L'abbé Chelan : Continue, mon enfant. Continue.

Julien Sorel : Je n'me suis repenti qu'après l'avoir revue. Vivante. Elle était vivante ! Mon père, j'ai réalisé alors quelque chose de très étrange. Je me suis rendu compte que j'aimais follement cette femme et j'ai compris l'horreur de mon acte. Je l'aime éperduement. Merci, mon père, d'être venu. Il fallait que je vous voie.

L'abbé Chelan : J'ai eu tant de chagrin en apprenant... Je venais de recevoir ta lettre de Strasbourg, et tout cet argent que tu m'as envoyé. Et que je t'ai rapporté.

Julien Sorel : Garde-le pour vous, ou donnez-le à quelqu'un. Vous semblez tellement fatigué.

L'abbé Chelan : Je crois qu'il vaut mieux mourir jeune que d'arriver à cette décrépitude.

Julien Sorel : Je voudrais vous demander quelque chose. Avez-vous peur de la mort ?

L'abbé Chelan : La mort est une aventure individuelle. J'ai eu de la chance, je vis la mienne en compagnie de Dieu. Tu lui as tourné le dos mais il te sera beaucoup pardonné, puisque tu as beaucoup aimé.

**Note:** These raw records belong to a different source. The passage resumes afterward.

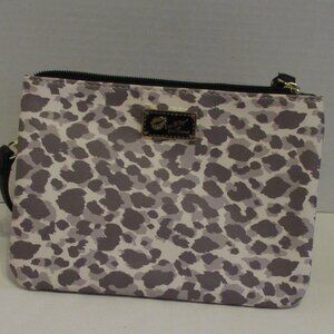 Betsey Johnson Woman Small Gray Tan White Top Zip Shoulder Bag Purse
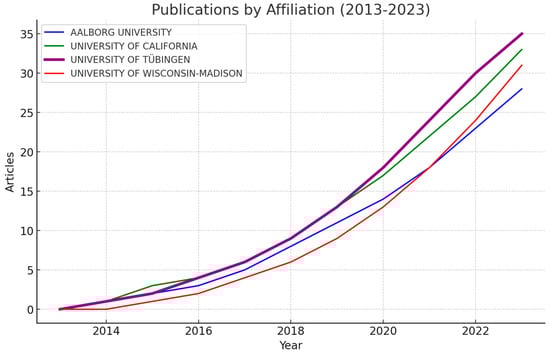 Article Publication Trends by the Top Four Affiliations (2013–2023).
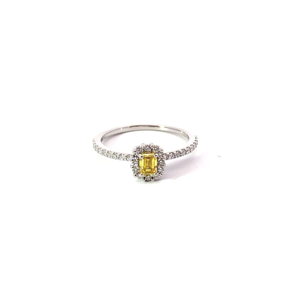 こちらのリングは、太陽の光を閉じ込めたような美しいFancy Vivid Yellowが特徴のエメラルドカットのカラーダイヤモンドに、上質なホワイトダイヤをぐるりとあしらったラグジュアリーな一点物。

Julien Sorel : J'aimerais tant que tout... que tout se passe bien simplement.  Et j'espère ne pas avoir honte de moi avant de mourir.

L'abbé Chelan : Si tu sens ton courage fléchir, pense aux plus beaux moments, aux plus belles lumières. Dieu, lui, ne te tournera pas le dos. Tu n'es pas un monstre, mon enfant, moi je le sais.